Снова загудели бубны. Рассказчик перевел дух и запил из поданной им чашки. Магома-Тузай снова принялся ему шептать на ухо.
— Земля эта принадлежала белому верблюду... Чистый, самим Аллахом посланный на землю, он жил на этих блаженных лугах, ел одни розы, пил чистое молоко, спал на шелковых халатах и одеялах!
— Что за житье было этому верблюду! — вскрикнул другой дивона.
— А разве людям было хуже? — заметил проповедник.
— Кто говорил, что худо, и людям хорошо, только за что же людям все это давалось, мне кажется, что они этого не стоили!
— Нет, стоили, потому что были очень хорошие мусульмане, не то, что нынешние!
— Ну, где теперешним! — согласился другой дивона.
— Люди должны были знать только одно дело — это ходить за белым верблюдом, они должны были рвать ему розы, подавать молоко и подстилать на ночь одеяло. Они должны были чистить его, мыть и обливать розовым маслом. Вот все, что они должны были делать!
— И как, подумаешь, мало было дела!.. И за такую малость жить на такой блаженной земле!

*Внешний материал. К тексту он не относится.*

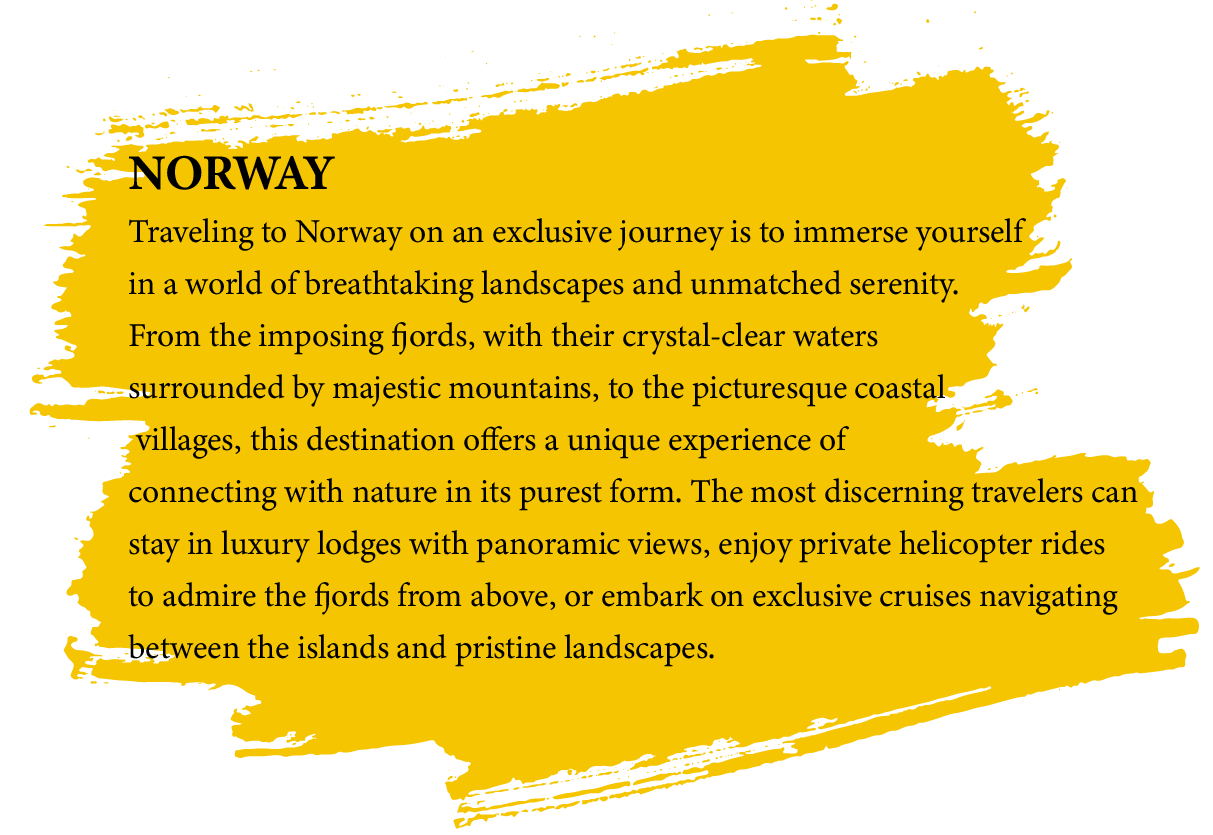 Exploring Norway on an exclusive journey means immersing yourself in dreamlike landscapes where majestic fjords meet the sky. Stay in luxury lodges by the water, with views of the midnight sun or the northern lights, depending on the season. Cruise through dramatic fjords on a private yacht and reach remote glaciers by helicopter. Enjoy gourmet dining with Nordic ingredients, served in breathtaking, secluded settings. Norway surrounds you with natural elegance, absolute serenity, and experiences crafted just for you.

— Велик и многомилостив Аллах: он не хотел налагать на плечи человека тяжелого груза!
— И долго жили на этой счастливой земле счастливые люди; жили бы и теперь, но...
Чернобородый вдруг зарыдал, вцепился себе руками в бороду и ожесточенно принялся теребить грязные волосы. Грустно опустил голову на грудь Магома-Тузай, остальные дивона затянули протяжную, плачевную ноту.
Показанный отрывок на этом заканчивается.